Yes, it will be fully recognised in UK.
Applying for settlement visa straight after your wedding is no problem - it's the length and quality of your knowledge and relationship that matters. Make sure you collect all the correct documentation in support. If it says 3 months of bank statement, make sure it's full 3 months and not 2.5 months, and so on. Your financial and employment status will be crucial, as well as your fiancée's. You must have suitable married accommodation in UK, and you need to submit mortgage statement, title deed or rental agreement. Relationship and knowledge means evidence of travels to see each other, letters, photos, emails, text messages etc. Testimony from families and friends can be additional evidence.


----------



## gkt (May 10, 2010)

Joppa, thank you so much for your information, one more thing, my financial standing is very good, and so is my work, but maybe my fiances can be a problem, she works quite alright, but she doesn't get enough money that she can have lots of savings in her account, basically, i can say her salary is hand to mouth and she doesn't have any kind of property, but am willing to stand as her full sponser for both her and her daughter, can this then be a problem?


----------



## Joppa (Sep 7, 2009)

gkt said:


> Joppa, thank you so much for your information, one more thing, my financial standing is very good, and so is my work, but maybe my fiances can be a problem, she works quite alright, but she doesn't get enough money that she can have lots of savings in her account, basically, i can say her salary is hand to mouth and she doesn't have any kind of property, but am willing to stand as her full sponser for both her and her daughter, can this then be a problem?


That would be ok, but it would help if you can say that she is willing to work in UK, listing her qualifications and experience. As her child is older, childcare shouldn't be a big factor in this. How good is her English? She will need to pass a test to show her command of English before her visa can be issued:
UK Border Agency | New English language requirement for partners.
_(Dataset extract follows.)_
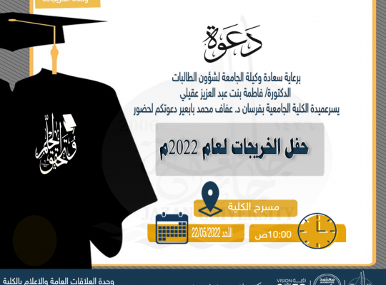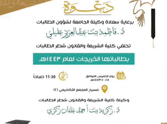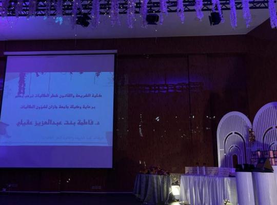جامعة جازان: إدارة الإعلام برعاية وكيلة جامعة جازان لشؤون الطالبات الدكتورة فاطمة بنت عبدالعزيز عقيلي نظمت كلية الشريعة والقانون شطر الطالبات حفل تخرج طالباتها للعام الجامعي ١٤٤٣هـ بحضور عدد من وكيلات ومنسوبات الجامعة. افتتحت فعاليات الحفل بكلمة

Also a poor command of the language will severely limit her job opportunities.


----------



## gkt (May 10, 2010)

Oh her English is very perfect, her daugther speaks English too, does she need to take an IELTS test? So maybe it won't be much of a problem? Well according to the correspondance that you and I have been into today, am thinking we will just go for the spousal visa.


----------



## Joppa (Sep 7, 2009)

gkt said:


> Oh her English is very perfect, her daugther speaks English too, does she need to take an IELTS test? So maybe it won't be much of a problem? Well according to the correspondance that you and I have been into today, am thinking we will just go for the spousal visa.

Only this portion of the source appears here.